The solution is pretty simple. You have to reboot your cable modem and hopefully it all comes back to the correct ping times.
If that is not the problem
Well then you have to go back and figure out what the issues are is not the modem, then you are left with where is the network slow, so you’ve validated all the way back, the next step is to start:
- Connect your laptop directly to your cable modem and bypass everything. If it works and you have low ping times and good speeds, then connect farther back until you find the device that is the problem. So plug it into your router and then each switch. It takes time, but perhaps one of those devices needs to be rebooted.
- If that isn’t it, then it could be the laptop itself, so try a different one. See how it works. If the ping times are shorter, well then it is reboot and maybe even reimage the laptop time.

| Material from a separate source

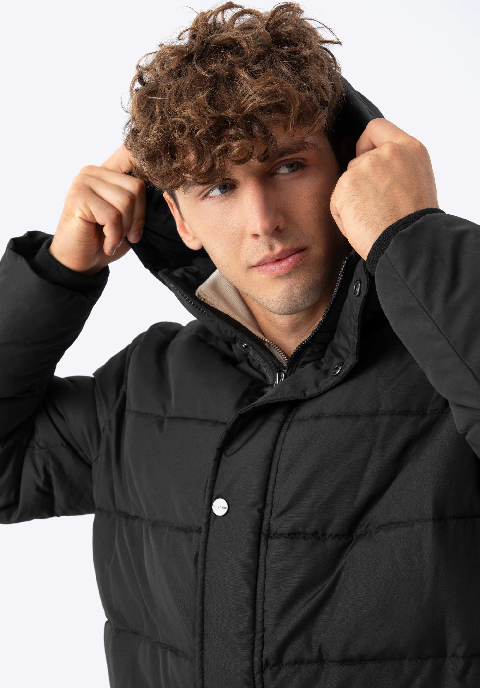 Férfi kabát kapucnival.

- Finally if that isn’t it, then it I’m out of answers and time to send me a note 🙂
How to prevent this in the future monitor Zoom stats and network stats
Well the main thing is that when I’m on a Zoom call, I have the Unifi network speed charts up and running so that I can at least see what the network is doing.
Also for really mission-critical stuff, you can have the Video Performance in Zoom up and running as well this tells you how many frames you are setting and getting. While the current Zoom Dashbaord doesn’t show latency, you can at least see what the uploads are and that is useful.
That’s nice but what are latency and jitter
Ok, I just realized that while speeds may be obvious, these terms are not. Latency means, what is the delay between the time you send something and when it actually arrives there. You can have a very fast pipe like 1Gbps, but if it takes 30 minutes to get there, it is pretty useless for two way communications. What was happening on our network was that we were getting high speed, but it was taking over one second for an internet packet to go from our home to somewhere else.
Jitter means what is the variance in deliver of packages. You want a nice steady stream of data getting sent. On the internet, data is divided into packets of information and jitter measures the inter packet changes in timing. Again, it works way better to have that low. You can think of jitter as how the latency varies.